Plot the k-means result with 7 centers.
# set.seed(1)
# autoplot(kmeans(spotify_reduced.scaled, 7), data = spotify_reduced.scaled)
Use kmeans() to cluster dataset into 3 centers.
set.seed(123)
km_3 <- kmeans( spotify_reduced.scaled, centers = 3)
km_3
## K-means clustering with 3 clusters of sizes 53140, 169097, 10366
##
## Cluster means:
## energy liveness tempo speechiness acousticness instrumentalness
## 1 -1.3585806 -0.25338106 -0.3686223 -0.3778857 1.2767734 0.9674164
## 2 0.4060388 -0.07866395 0.1540547 -0.1278091 -0.4730022 -0.2742902
## 3 0.3410212 2.58214421 -0.6233460 4.0220889 1.1707034 -0.4849378
## danceability duration_ms loudness valence
## 1 -1.01051313 0.09955897 -1.3183608 -0.9145171
## 2 0.31493676 -0.03539747 0.4387450 0.2965517
## 3 0.04281365 0.06705024 -0.3986855 -0.1493891
##
## Clustering vector:
## 1 2 3 4 5 6 7 8 9 10 11 12 13 14 15 16 17 18 19 20
## 2 2 1 1 1 1 3 1 2 2 1 1 2 2 1 3 3 2 2 2
## 21 22 23 24 25 26 27 28 29 30 31 32 33 34 35 36 37 38 39 40
## 1 2 2 2 2 3 2 2 2 2 2 3 2 2 2 2 2 2 1 2
## 41 42 43 44 45 46 47 48 49 50 51 52 53 54 55 56 57 58 59 60
## 2 1 1 2 3 2 2 2 2 2 1 2 3 1 3 1 1 1 1 2
## 61 62 63 64 65 66 67 68 69 70 71 72 73 74 75 76 77 78 79 80
## 1 2 1 2 2 2 2 1 2 2 2 1 1 1 3 1 2 1 1 3
## 81 82 83 84 85 86 87 88 89 90 91 92 93 94 95 96 98 99 100 101
## 2 2 3 1 2 2 2 2 2 2 2 2 2 3 2 1 2 1 2 2
## 102
## 1
## [ reached getOption("max.print") -- omitted 232502 entries ]
##
## Within cluster sum of squares by cluster:
## [1] 453830.3 908321.4 108320.2
## (between_SS / total_SS = 36.8 %)
##
## Available components:
##
## [1] "cluster" "centers" "totss" "withinss" "tot.withinss"
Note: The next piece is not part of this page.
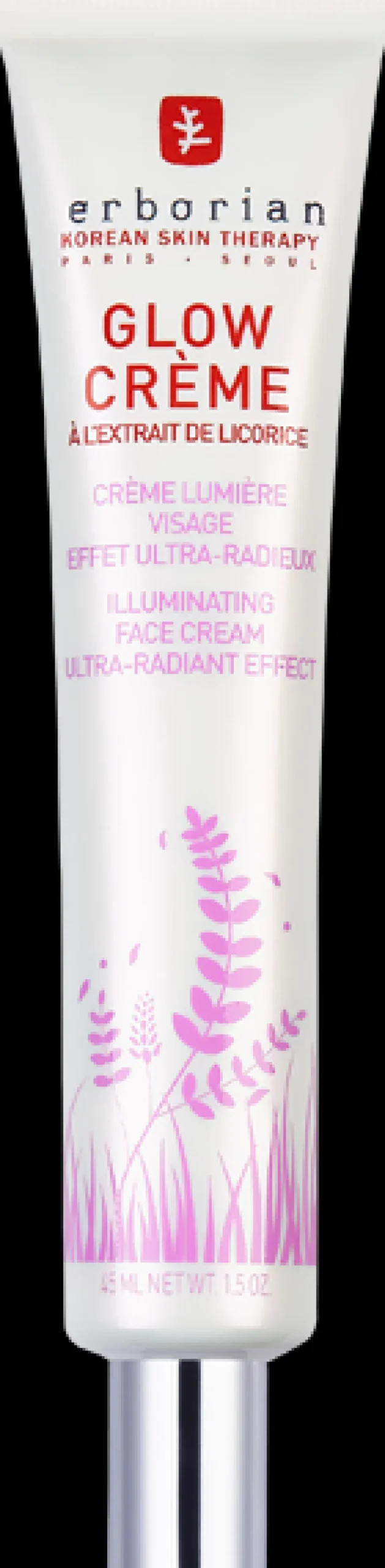 Die Erborian Glow Crème präsentiert sich in einem schlanken, eleganten Flakon, der durch seine klare Form besticht. Der weiße Hintergrund des Flakons wird kunstvoll von zarten lila Pflanzenmotiven durchbrochen, die an die Reinheit und Frische der Natur erinnern. Der dezente Glanz des Materials unterstreicht die luxuriöse Anmutung des Produkts. Auch die haptische Erfahrung überzeugt: Der Flakon liegt angenehm in der Hand und versprüht einen Hauch von Raffinesse und Stil. Diese optischen Details machen die Erborian Glow Crème nicht nur zu einem Pflegeschatz, sondern auch zu einem stilvollen Accessoire in Ihrer Pflegeroutine.

## [6] "betweenss" "size" "iter" "ifault"
Plot the k-means result with 3 centers.
#would not render into .pdf
# set.seed(1)
# autoplot(kmeans(spotify_reduced.scaled, 3), data = spotify_reduced.scaled)
Compute percentage of betweens for 3-center cluster.
print(paste0(round(km_3$betweenss/km_3$totss, 4)*100, "%"))
## [1] "36.78%"
Compute percentage of betweens for 7-center cluster.
print(paste0(round(km_7$betweenss/km_7$totss, 4)*100, "%"))
## [1] "52.74%"
Compute percentage of betweens for 10-center cluster.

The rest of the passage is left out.